The root volume contains all code and gets swapped when new versions are released, while the second much larger volume is /data. Backup involves taking a snapshot of the /data volume, and on restore, creating a volume from it and attaching that to the root. The /data volume contains all databases, static web content, and X509 certificates. AWS is very convenient for managing backup snapshots and creating volumes or new instances from them later for restore. Note that the /data/infinitydb-home/key-store and /data/infinitydb-home/key-store-password directories contain the private SSL keys. Almost all system configuration is in /data/infinitydb-home/data/default/meta-data.infdb and is encrypted, including database names and their corresponding file names, user names, password hashes (not passwords), roles, grants, and permissions. Therefore, snapshotting makes it convenient for single-instance backup.
Directory Copy Backup
Alternatively, the instance may be accessed from the shell, and the /data/infinitydb-home/data/default directory can just be copied, such as to /data/infinitydb-home/data/bkup. Individual database files under /data/infinitydb-home/data/default/files can also be copied, and each database is a single file. For this, however, the server must be shut down, because database files are file locked by the running server. You might want to use ‘rsync’ to copy to a remote computer efficiently. Note that the meta-data.infdb contains all configuration and it lives at /data/infinitydb-home/data/default/ so it will come along for the ride.

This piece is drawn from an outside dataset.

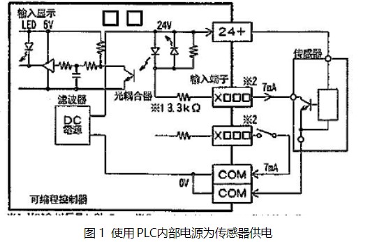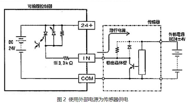 NPN集電極開路輸出的傳感器與三菱FX2N?PLC的連接示意

Remote Backup With the ‘ItemPacket’ Protocol
Another backup technique can use the ‘ItemPacket’ protocol for user manual transfer of portions or entire databases between servers: this uses the ‘remote database’ feature that can be configured in the admin console as described below. The admin creates a database by providing the URL of the remote server, such as https://mydomain:444/<database> where <database> is the two-part database name on the remote server, like demo/writeable. Make sure port 444 is open on the remote, or if the server is not on 443, then use the server’s port plus one. Backup is performed manually by users using the ‘Transfer Suffixes’ page of the database browser. as described below The remote server does not need configuration except that the remote must have the same password for the users who use it as on the local server (single-sign-on is in development).
A further means for backup would use REST access to download data and transfer it under program control to another database server, or other storage. This would be a custom solution, such as by using a Python client. One method would be for the Python client to send REST requests with new data to two or more servers. This also allows a simple type of fail-over, especially useful if servers are read-mostly. You could lock out further updates during the degraded periods.
Commit all Databases
Sometimes the entire system must be ‘quiesced’. You may want to do this before a snapshot backup, because globally uncommitted data will not be put into the snapshot. Go to Access Databases, and browse the databases that need to be committed, and click the commit button. Also globally uncommitted data will be rolled back if the server process is manually killed. Fine-grain i.e. ‘Optimistic’ Transactions do not take long to execute so they are normally already committed. Killing the server never leaves the databases in a degraded state, i.e. needing to have logs re-applied because logs are not used, and restart is always instant. The database files have two levels of transactionality: global and optimistic. Both force all data to the database file robustly and durably on commit, even if the server fails in any way, losing only uncommitted data. However, the global transactionality allows an unlimited amount of data to accumulate before the commit or rollback, so it is a good idea to do the commit before shutdown, or stopping on AWS EC2.
Stop and Restart a Server
For instance shell backup by simple copying or other purposes, the server must be stopped. In the instance shell, do sudo ps aux | grep java and sudo kill -9 <serverpid> or sudo killall -9 java. The server command line includes ‘java’. To relaunch, reboot from the EC2 console or see below about the launch script. Restarting clears out the log in /data/infinitydb-home/logs/log.txt, which after a long time will grow large, because currently each executed query is printed there and when running on port 443, internet bots will occasionally cause a bit of logging.
The Launch Script
For some tasks, shell access to the instance is needed. A launch script ‘launch-infinitydb-server.sh’ is provided for ‘unix-like’ shells, such as on standalone Linux, or ‘cygwin’ on windows, in case of an on-premises licensed installation. On AWS, the script is ‘launch-infinitydb-server-on-ec2.sh’, for port 37411 and it calls the generic one, plus there is one with -443.sh for port 443 and one with -http.sh. You can control which is executed on restart with crontab -e.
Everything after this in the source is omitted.